▶ _Problem to work on_
Nothing but an exact repetition of the entries should appear in the answer.

▶ _Source information_
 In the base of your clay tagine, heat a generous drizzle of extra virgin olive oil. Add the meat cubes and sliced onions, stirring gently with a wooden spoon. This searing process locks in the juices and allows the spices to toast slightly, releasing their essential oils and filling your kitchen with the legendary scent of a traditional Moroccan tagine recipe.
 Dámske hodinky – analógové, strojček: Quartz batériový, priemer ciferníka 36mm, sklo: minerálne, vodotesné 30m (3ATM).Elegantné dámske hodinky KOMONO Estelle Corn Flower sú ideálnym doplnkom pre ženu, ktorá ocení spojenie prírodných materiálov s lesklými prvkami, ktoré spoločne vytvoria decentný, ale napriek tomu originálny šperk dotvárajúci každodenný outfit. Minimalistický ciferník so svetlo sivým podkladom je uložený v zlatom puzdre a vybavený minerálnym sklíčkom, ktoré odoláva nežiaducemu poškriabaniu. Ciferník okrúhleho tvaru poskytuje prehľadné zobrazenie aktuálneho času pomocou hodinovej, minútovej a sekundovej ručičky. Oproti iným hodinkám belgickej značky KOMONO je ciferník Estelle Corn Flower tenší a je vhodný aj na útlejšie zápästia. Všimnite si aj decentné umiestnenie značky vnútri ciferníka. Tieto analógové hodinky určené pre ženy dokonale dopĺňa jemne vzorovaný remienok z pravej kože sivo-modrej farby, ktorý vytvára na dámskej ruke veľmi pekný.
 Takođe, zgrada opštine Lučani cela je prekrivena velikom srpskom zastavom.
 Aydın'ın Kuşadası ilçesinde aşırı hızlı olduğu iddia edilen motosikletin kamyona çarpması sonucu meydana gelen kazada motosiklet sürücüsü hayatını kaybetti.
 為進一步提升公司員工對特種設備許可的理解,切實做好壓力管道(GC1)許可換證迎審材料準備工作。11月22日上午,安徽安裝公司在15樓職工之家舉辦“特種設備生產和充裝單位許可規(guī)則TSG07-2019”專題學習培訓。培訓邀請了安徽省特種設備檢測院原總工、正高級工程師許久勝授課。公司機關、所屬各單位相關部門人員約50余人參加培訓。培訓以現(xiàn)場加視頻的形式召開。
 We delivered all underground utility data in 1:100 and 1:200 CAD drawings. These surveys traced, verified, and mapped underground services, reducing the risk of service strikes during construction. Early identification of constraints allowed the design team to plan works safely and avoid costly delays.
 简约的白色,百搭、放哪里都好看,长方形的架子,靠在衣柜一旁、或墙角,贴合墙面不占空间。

▶ _Your solution_
 In the base of your clay tagine, heat a generous drizzle of extra virgin olive oil. Add the meat cubes and sliced onions, stirring gently with a wooden spoon. This searing process locks in the juices and allows the spices to toast slightly, releasing their essential oils and filling your kitchen with the legendary scent of a traditional Moroccan tagine recipe.
 Dámske hodinky – analógové, strojček: Quartz batériový, priemer ciferníka 36mm, sklo: minerálne, vodotesné 30m (3ATM).Elegantné dámske hodinky KOMONO Estelle Corn Flower sú ideálnym doplnkom pre ženu, ktorá ocení spojenie prírodných materiálov s lesklými prvkami, ktoré spoločne vytvoria decentný, ale napriek tomu originálny šperk dotvárajúci každodenný outfit. Minimalistický ciferník so svetlo sivým podkladom je uložený v zlatom puzdre a vybavený minerálnym sklíčkom, ktoré odoláva nežiaducemu poškriabaniu. Ciferník okrúhleho tvaru poskytuje prehľadné zobrazenie aktuálneho času pomocou hodinovej, minútovej a sekundovej ručičky. Oproti iným hodinkám belgickej značky KOMONO je ciferník Estelle Corn Flower tenší a je vhodný aj na útlejšie zápästia. Všimnite si aj decentné umiestnenie značky vnútri ciferníka. Tieto analógové hodinky určené pre ženy dokonale dopĺňa jemne vzorovaný remienok z pravej kože sivo-modrej farby, ktorý vytvára na dámskej ruke veľmi pekný.
 Takođe, zgrada opštine Lučani cela je prekrivena velikom srpskom zastavom.
 Aydın'ın Kuşadası ilçesinde aşırı hızlı olduğu iddia edilen motosikletin kamyona çarpması sonucu meydana gelen kazada motosiklet sürücüsü hayatını kaybetti.
 為進一步提升公司員工對特種設備許可的理解,切實做好壓力管道(GC1)許可換證迎審材料準備工作。11月22日上午,安徽安裝公司在15樓職工之家舉辦“特種設備生產和充裝單位許可規(guī)則TSG07-2019”專題學習培訓。培訓邀請了安徽省特種設備檢測院原總工、正高級工程師許久勝授課。公司機關、所屬各單位相關部門人員約50余人參加培訓。培訓以現(xiàn)場加視頻的形式召開。
 We delivered all underground utility data in 1:100 and 1:200 CAD drawings. These surveys traced, verified, and mapped underground services, reducing the risk of service strikes during construction. Early identification of constraints allowed the design team to plan works safely and avoid costly delays.
 简约的白色,百搭、放哪里都好看,长方形的架子,靠在衣柜一旁、或墙角,贴合墙面不占空间。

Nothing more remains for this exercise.